Theodore Roosevelt Birthplace

Theodore Roosevelt Birthplace

I finished David McCullough’s Mornings on Horseback last night. This is the ur-text for anyone who works or volunteers at the Theodore Roosevelt Birthplace. As McCullough points out in the introduction, Mornings is not so much a biography as an exploration of how this man born just prior to the CIvil War became the man he did. The book ends in the mid-1880s with Theodore’s life less than half lived. It hardly seemed that way however, given how much he managed to pack in before his 30th birthday. The White House is still fifteen years in the distance.

This is the prep work leading up to my own Interpretive programs, which I am looking forward to doing once I have the narrative down firmly. What I am finding I love about the Roosevelt story is the number of ways it can be told. Walk around the Flatiron District in the East Twenties and you are stepping back into an Edith Wharton novel. Tell the story of how his mother Mittie, raised in Georgia, was an unreconstructed Southerner and you have the Cvil War. Assemblyman Roosevelt? That’s him taking on Tammany Hall. And oh yes, it is a human story too.
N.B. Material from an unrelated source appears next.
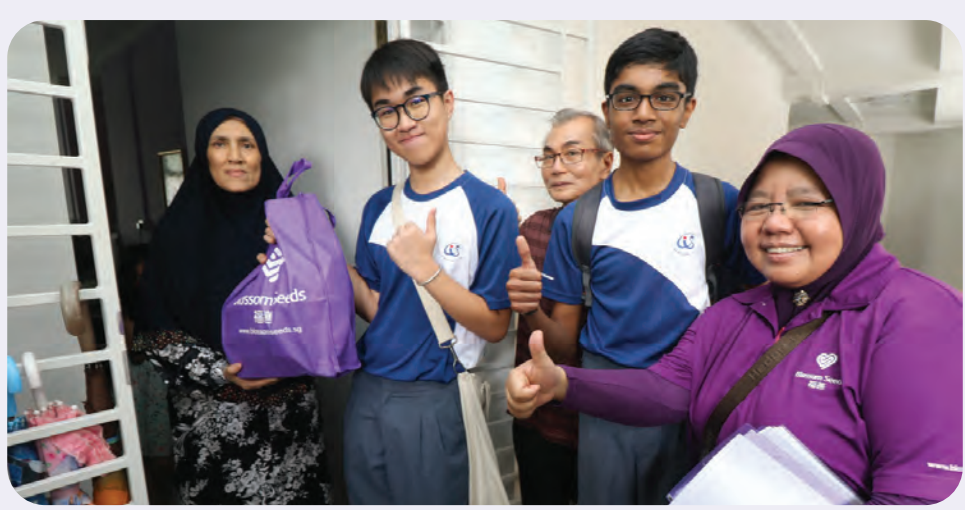
Canberra Secondary School

His wife and mother did die on the same day in the same house–two days after his daughter was born. That does not even get you to San Juan Hill, the Albany governors mansion, the White House or the decade of his life that came afterward. It is hard to believe he died at sixty. I can’t tell you how much I am enjoying this.

Make the TRB part of your New York City experience. It’s the real deal.